Your objective: Repeat the data exactly, leaving out any image.

<<<<

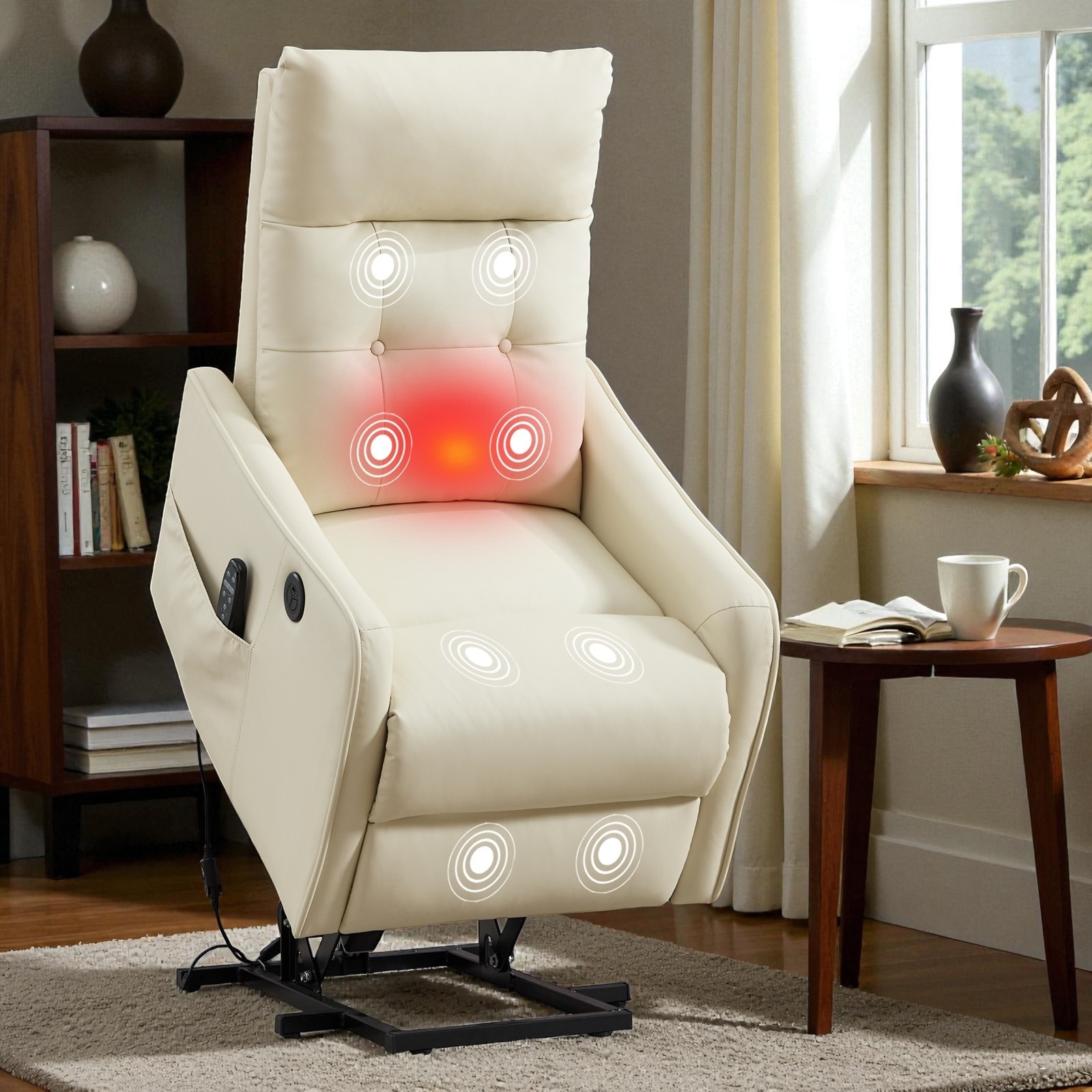 Single Motor Power Lift Recliner with Massage and Heat, Faux Leather Chair with USB Charging for Elderly
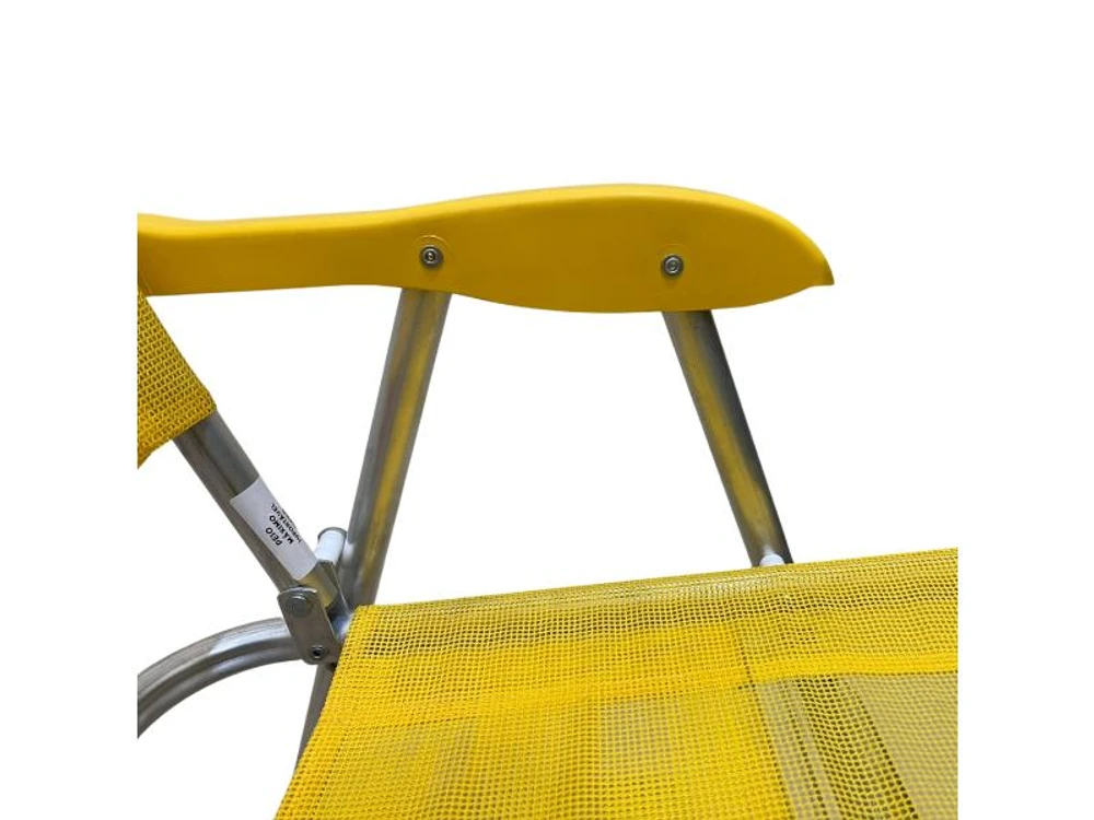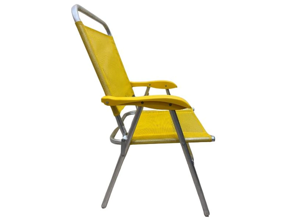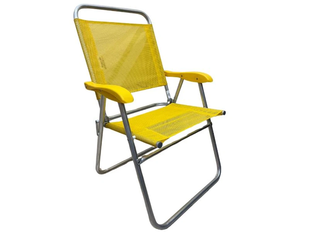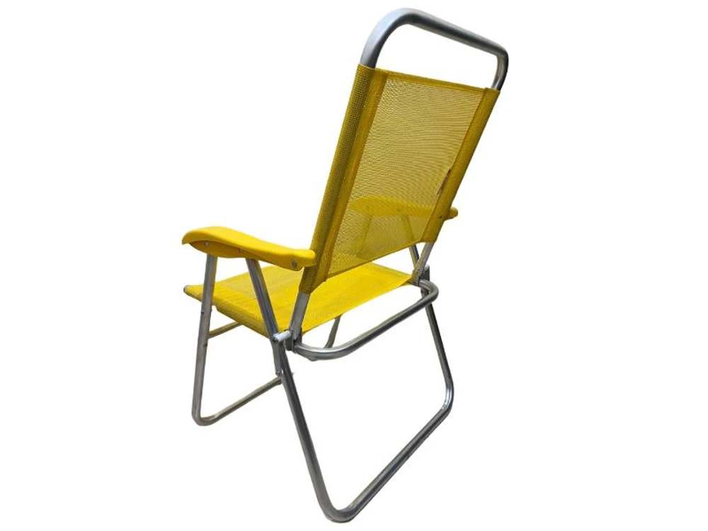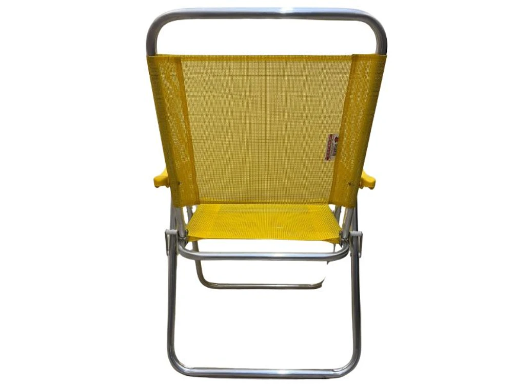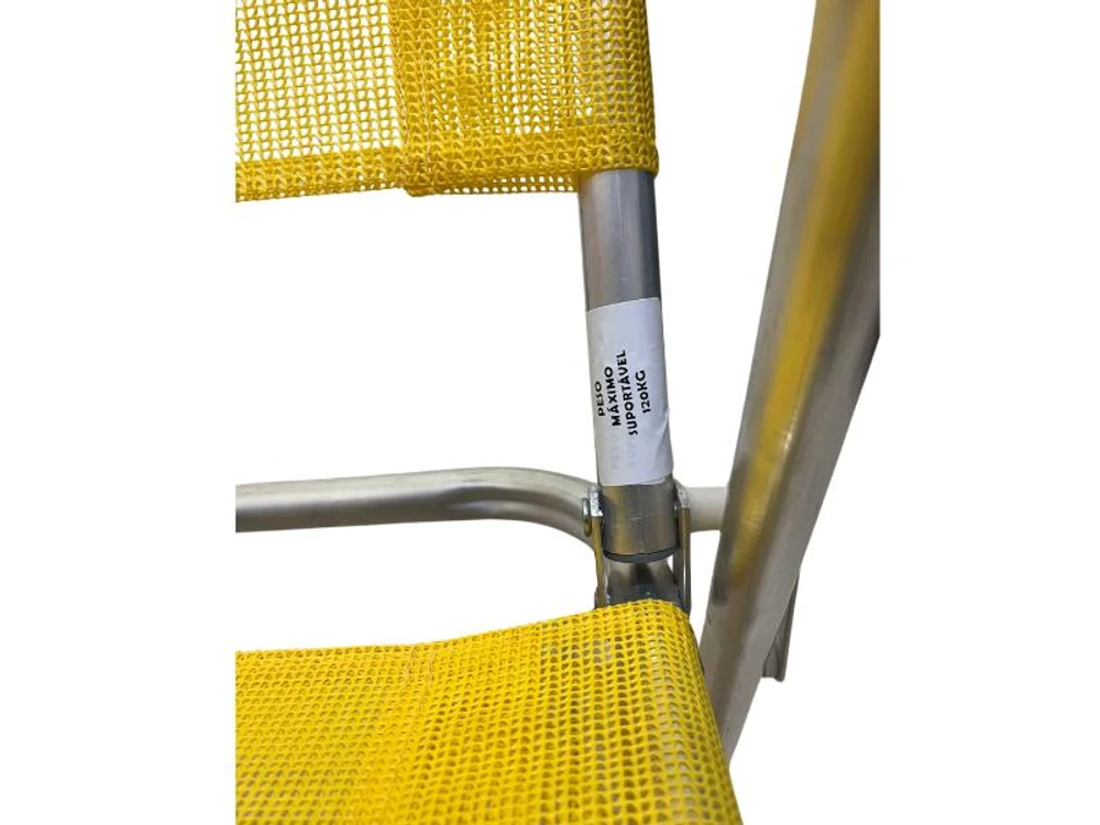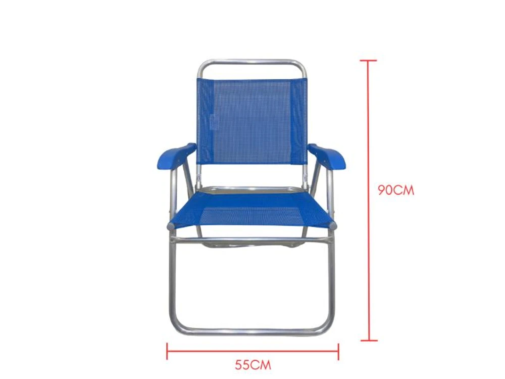 Esta cadeira de praia alta é confeccionada em tecido sanete poliéster e possui uma estrutura de alumínio. O braço é de plástico e da mesma cor do tecido. A cadeira tem capacidade para suportar um peso de até 100 Kgs.
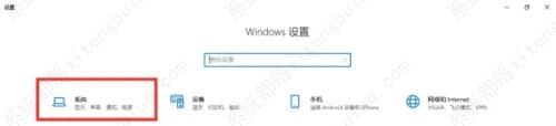 Windows 设置窗口中,搜索框可以查找设置,也可以直接点击系统。
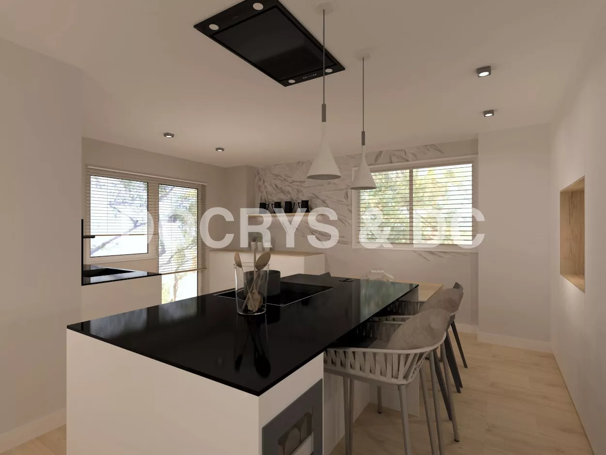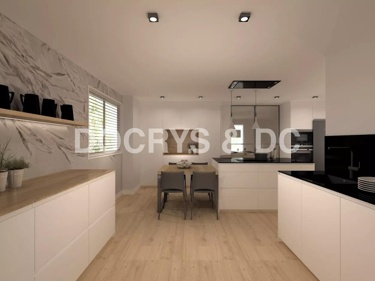 Por otro lado, una isla central, donde se ubica la zona de cocción, más módulos bajos de almacenamiento, una barra y una mesa office para cuatro comensales.
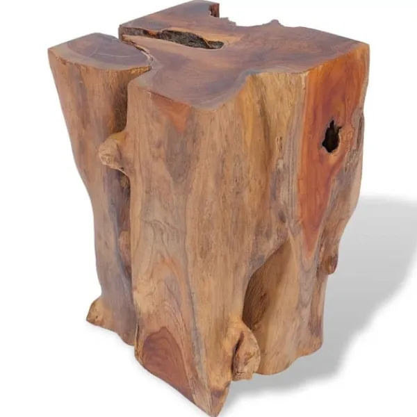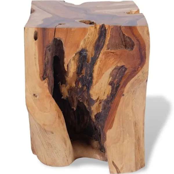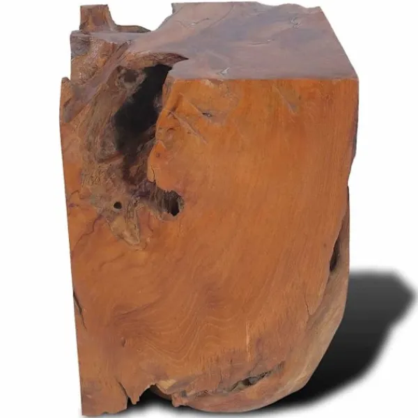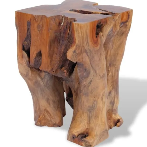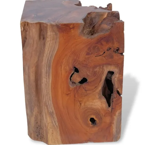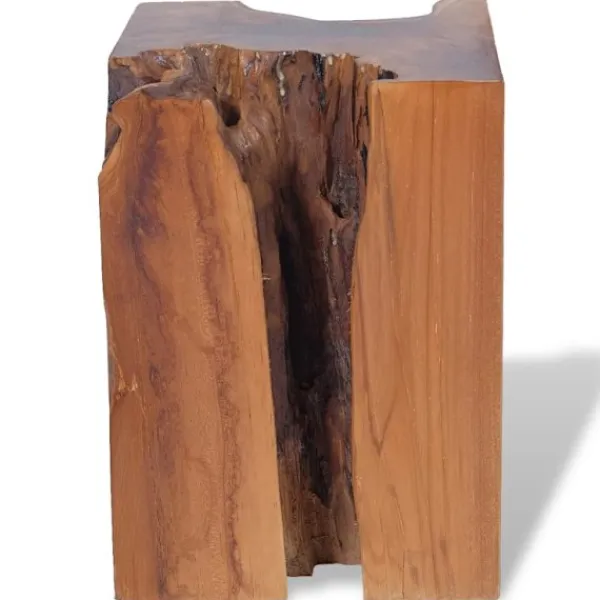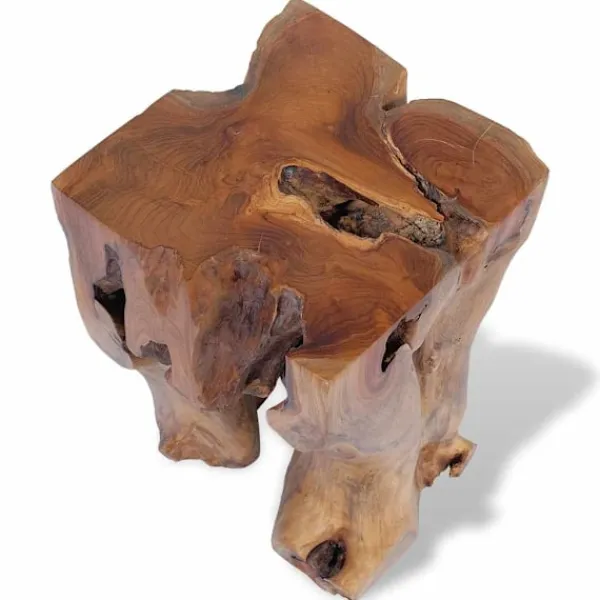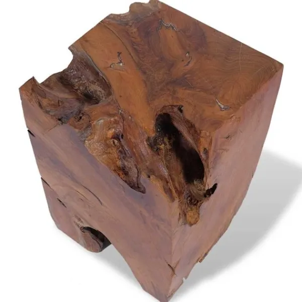 Den här unika pallen, som är tillverkad av en massiv teakstock, utstrålar en rustik charm och blir ett riktigt blickfång. Pallen kan även användas som fotstöd, sidobord med mera. Pallen är helt handgjord och hantverket skapar en spektakulär retro- och naturkänsla. Observera: Eftersom trä är en naturprodukt kan färgerna, ådringsstrukturen och formerna skilja sig något från möbel till möbel, vilket gör att varje pall är unik och skiljer sig från den andra. Leveransen är helt slumpmässig.

>>>>

Reply to the task:
 Single Motor Power Lift Recliner with Massage and Heat, Faux Leather Chair with USB Charging for Elderly
 Esta cadeira de praia alta é confeccionada em tecido sanete poliéster e possui uma estrutura de alumínio. O braço é de plástico e da mesma cor do tecido. A cadeira tem capacidade para suportar um peso de até 100 Kgs.
 Windows 设置窗口中,搜索框可以查找设置,也可以直接点击系统。
 Por otro lado, una isla central, donde se ubica la zona de cocción, más módulos bajos de almacenamiento, una barra y una mesa office para cuatro comensales.
 Den här unika pallen, som är tillverkad av en massiv teakstock, utstrålar en rustik charm och blir ett riktigt blickfång. Pallen kan även användas som fotstöd, sidobord med mera. Pallen är helt handgjord och hantverket skapar en spektakulär retro- och naturkänsla. Observera: Eftersom trä är en naturprodukt kan färgerna, ådringsstrukturen och formerna skilja sig något från möbel till möbel, vilket gör att varje pall är unik och skiljer sig från den andra. Leveransen är helt slumpmässig.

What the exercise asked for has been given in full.